It's pretty astonishing to me that Los Angeles-area college/public radio station KCRW (Santa Monica College) has made so much progress in digitizing its music library. So far they've digitized 50,000 CDs, 15,000 vinyl albums (including material from as far back as the 1940s), and 1200 live KCRW performances. Not only is KCRW lucky to have funding and sponsors for its digitization project, but they also employ a music librarian to oversee the collection. Starting this month they will be highlighting special selections from the music library over the air and on their website. You can also see a short documentary about their record library (used to help them pitch for funds to preserve it) on their website.
Like many stations, KCRW has rare recordings that they would like to preserve for the future. No doubt some of these are on dying formats like reel-to-reel tape, cassettes, DAT and carts (not all that long ago my current station still played the 8-trackesque cart), which may not even have playback equipment in studios anymore.
Additionally, KCRW encounters the same space issues that most college stations have to deal with: too many records, not enough storage.

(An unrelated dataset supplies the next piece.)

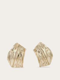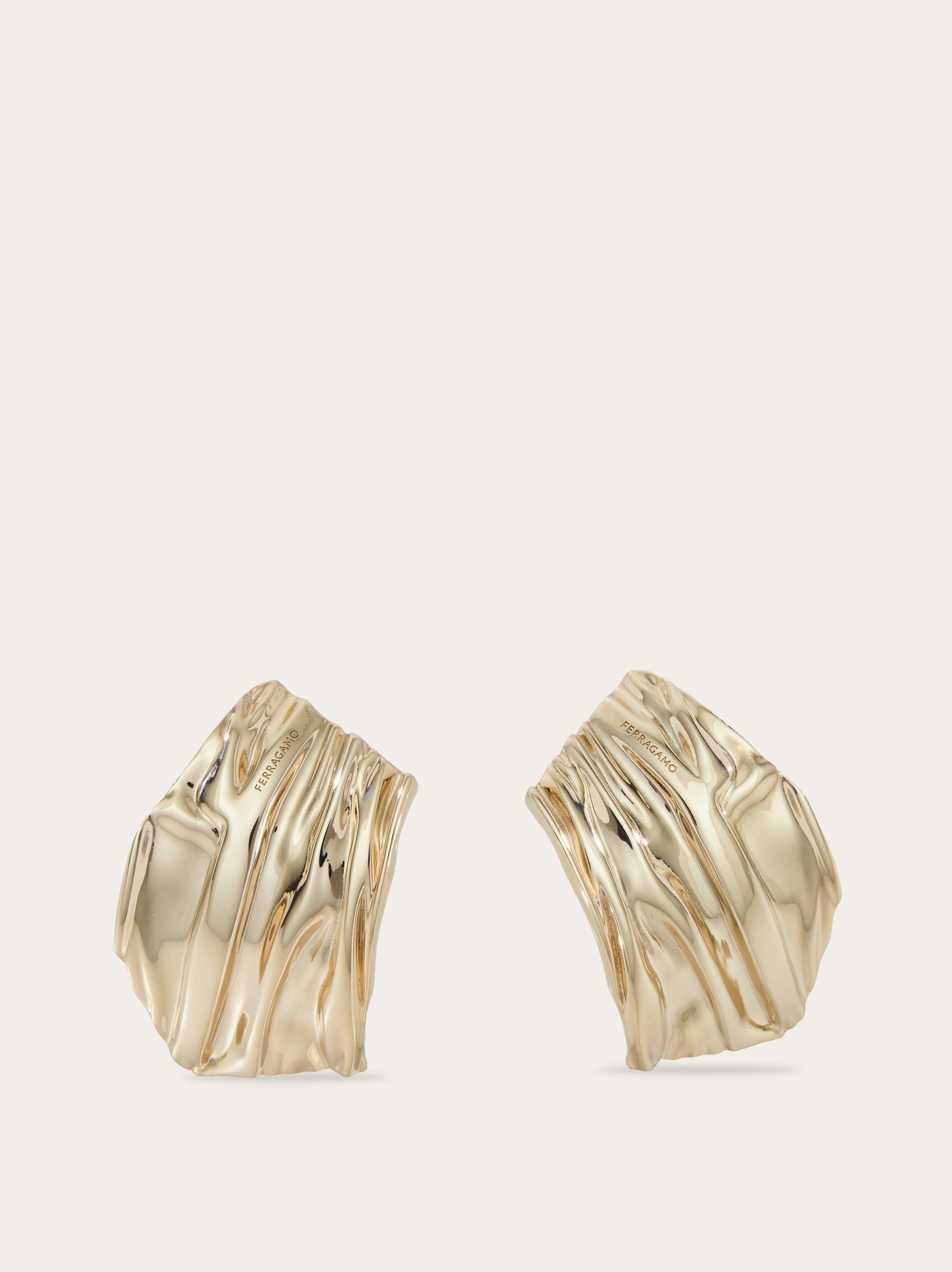 Earrings crafted from gold-finished brass, featuring a polished sheen and an asymmetrical design that plays between right and left. The sleek lines enhance the natural contours of the face, while the '80s-inspired design exudes retro elegance. Draped details evoke the tactile richness of fabric, elevated by artisanal finishes for a truly refined accessory. - Composition: brass - Made in ITALY - Product code: 760843 783324

I've worked at places with an appreciation for vinyl and CDs, which means that with each passing week more and more material has to somehow get squeezed into shelves that are already jam-packed with material. Other stations probably address the space issue by just not adding CDs or vinyl, instead acquiring music primarily in digital formats. At some stations there may even be DJs who do entire shows without touching CDs or vinyl records.
How does your station archive its music? Do you purge things from your record library to make room for new items? Do you digitize music? Do you regularly acquire mp3s for DJs to play or do you primarily play vinyl and CD recordings? How would you feel about switching to an all-digital format?